1.Machine code properties

• x86-64 instructions can range in length from 1 to 15 bytes, it isn't fixed.

• The instruction format is designed to insure that there's a unique decoding of the bytes into machine instructions. For example, only pushq %rbx can start with 53(can be analogied with opcode in RISC-V).

• The disassembler determines the assembly code based purely on the byte sequences in the machine-code file.

2.Registers

• When we present instructions copying and generating 1-, 2-, 4-, 8-byte values, we follow the two conventions:

  • Those that generate 1- or 2-byte quantities leave the remaining bytes unchanged.

  • Those that generate 4-byte quantities set the upper 4 bytes of the register to zero.

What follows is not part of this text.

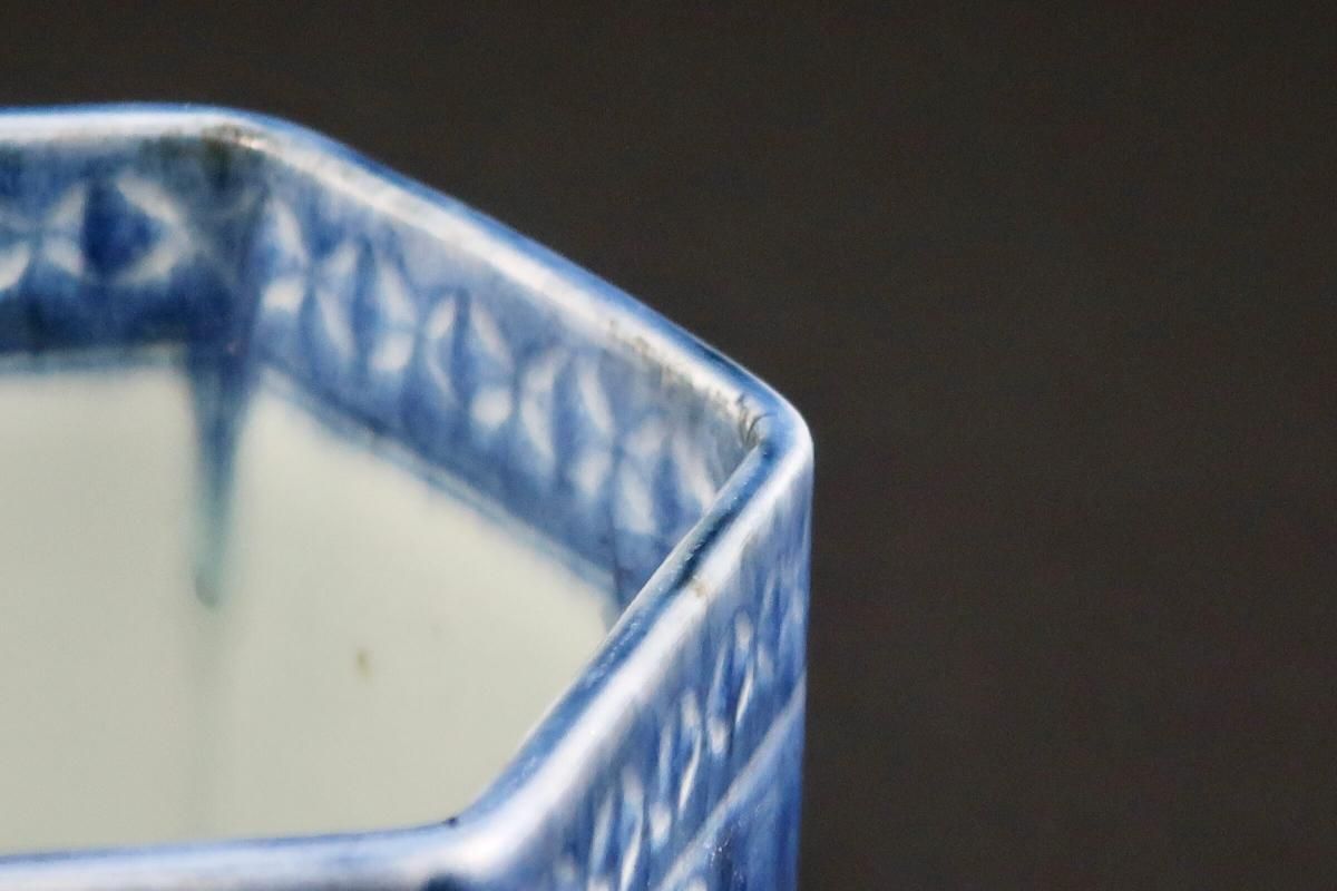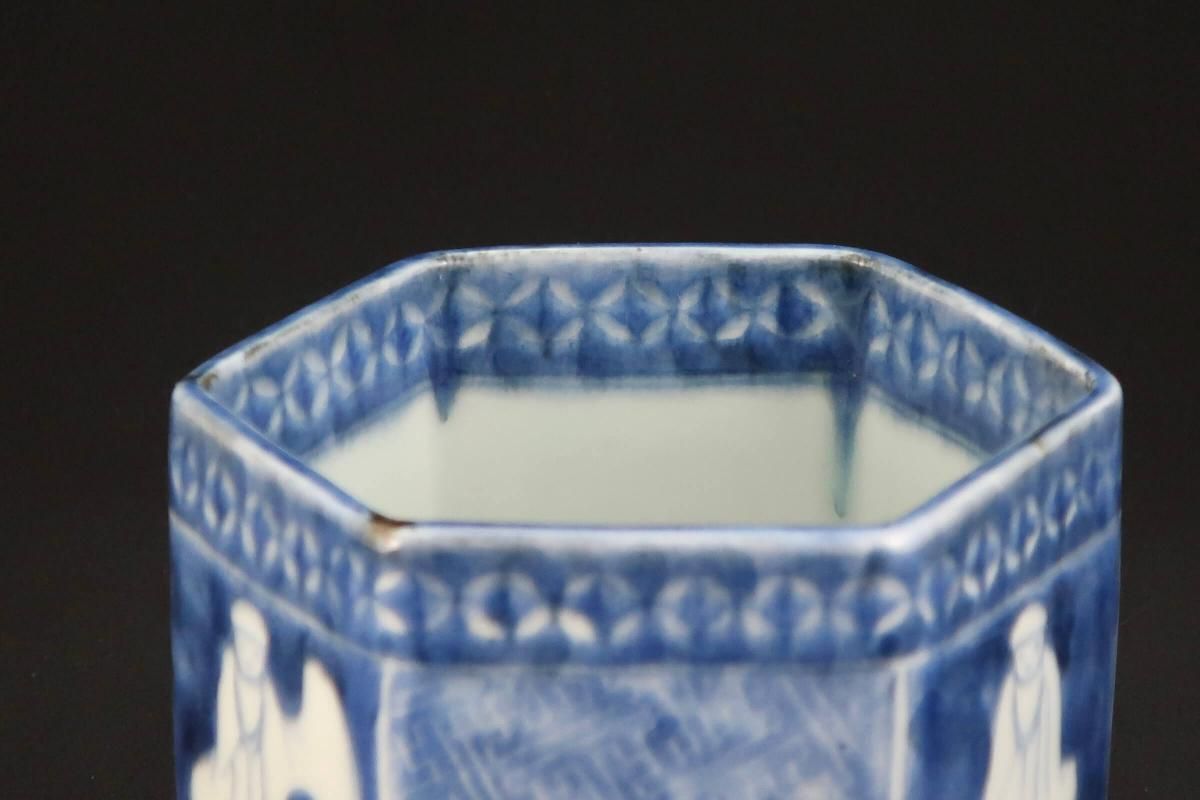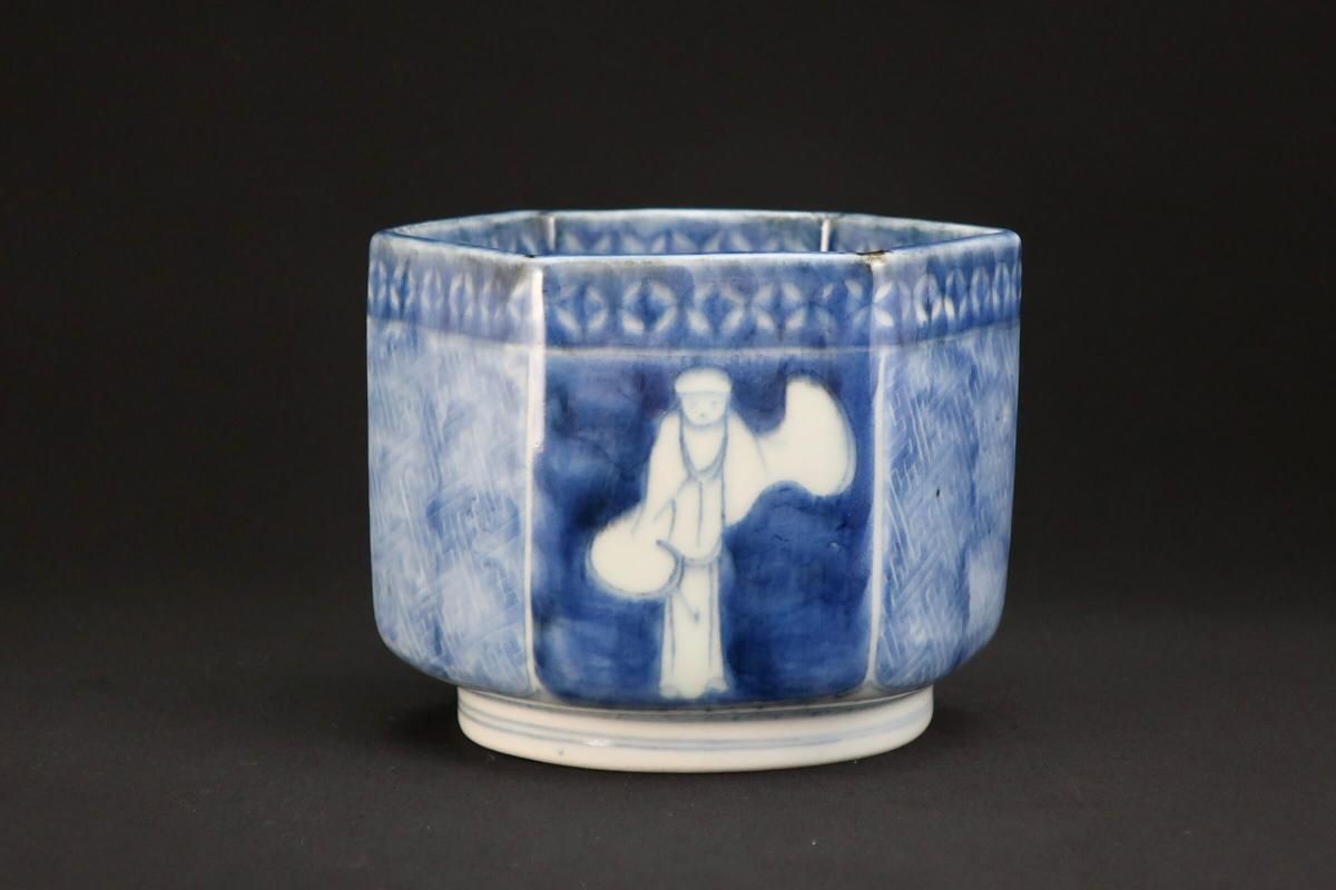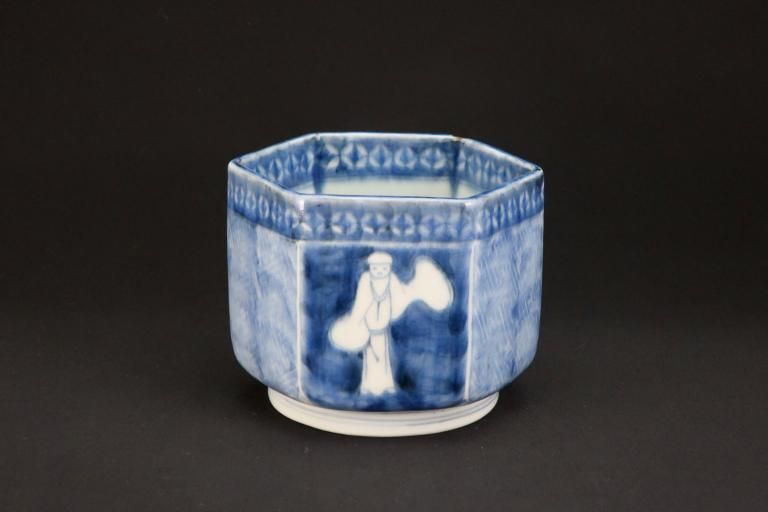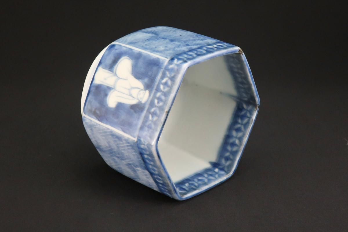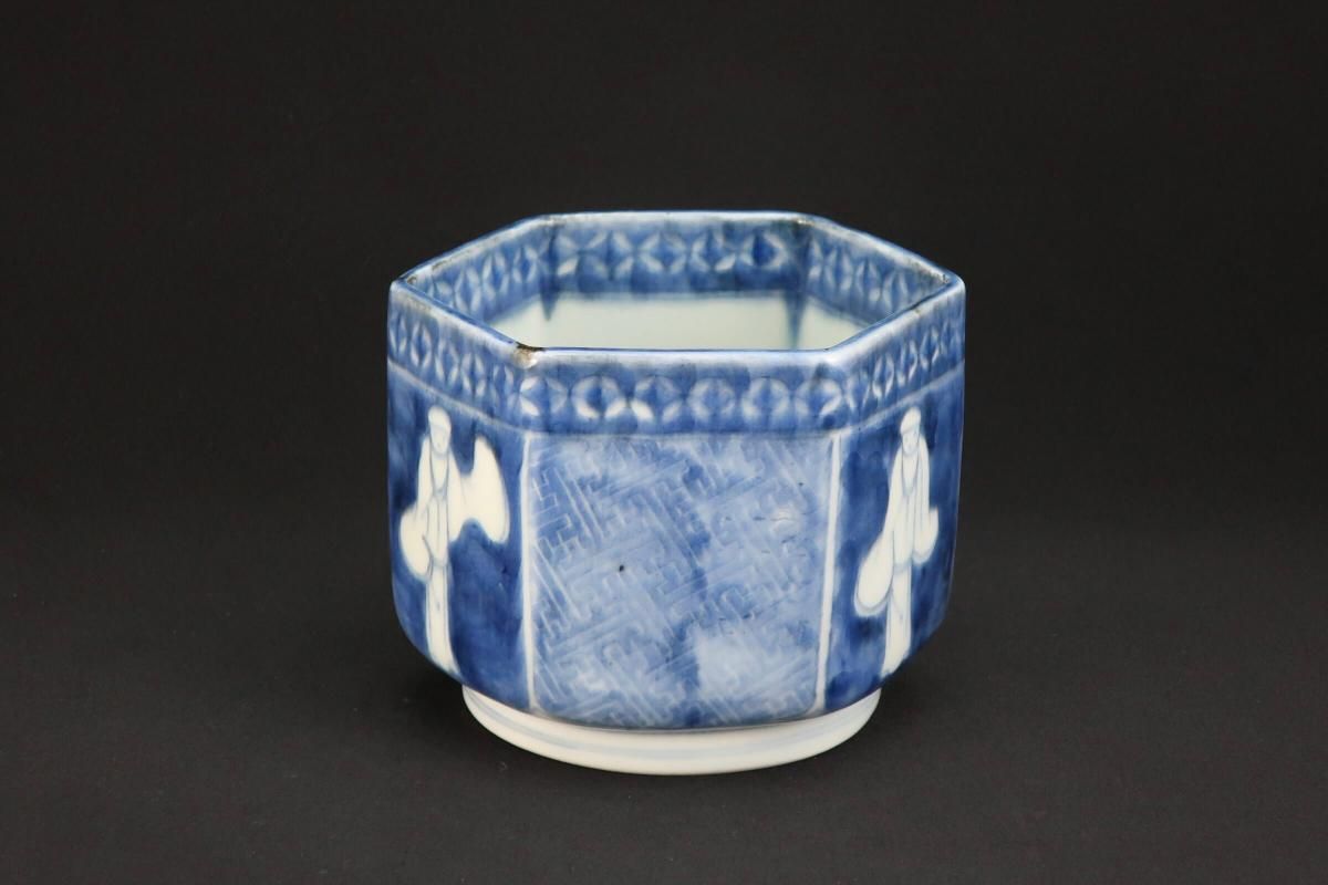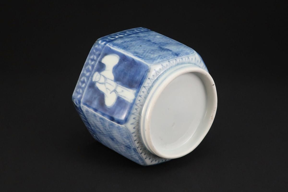伊万里染付韃靼人の図六角火入 / Imari Hexagonal Blue & White 'Hiire' Pot with the picture of Tartar

• A function returns a value by storing it in register %rax, or in one of the low-order portions of this register.

3.Operand specifiers

  There are three types of operand possibilities:

• Immediate: It refers to constant value. In ATT format assembly code, it is written with a $ along with an integer.

• Register: It denotes the content of a register. We use the notation \(r_a\) to denote a register \(a\) and indicate its value with \(R{[r_{a}]}\).

• Memory: The most general form of it is \(Imm({r_b},{r_i},s)\), which is computed as \(Imm+R[{r_b}]+R[{r_s}] \cdot s\).

  • \(Imm\) is the immediate offset, \(r_b\) is the base register, \(r_i\) is the index register.

  \(e.g.\)

4.Data Movement Instructions

  \(a.\)Simple data movement instructions

• The source operand designates a value that is immediate, stored in a register, or stored in memory.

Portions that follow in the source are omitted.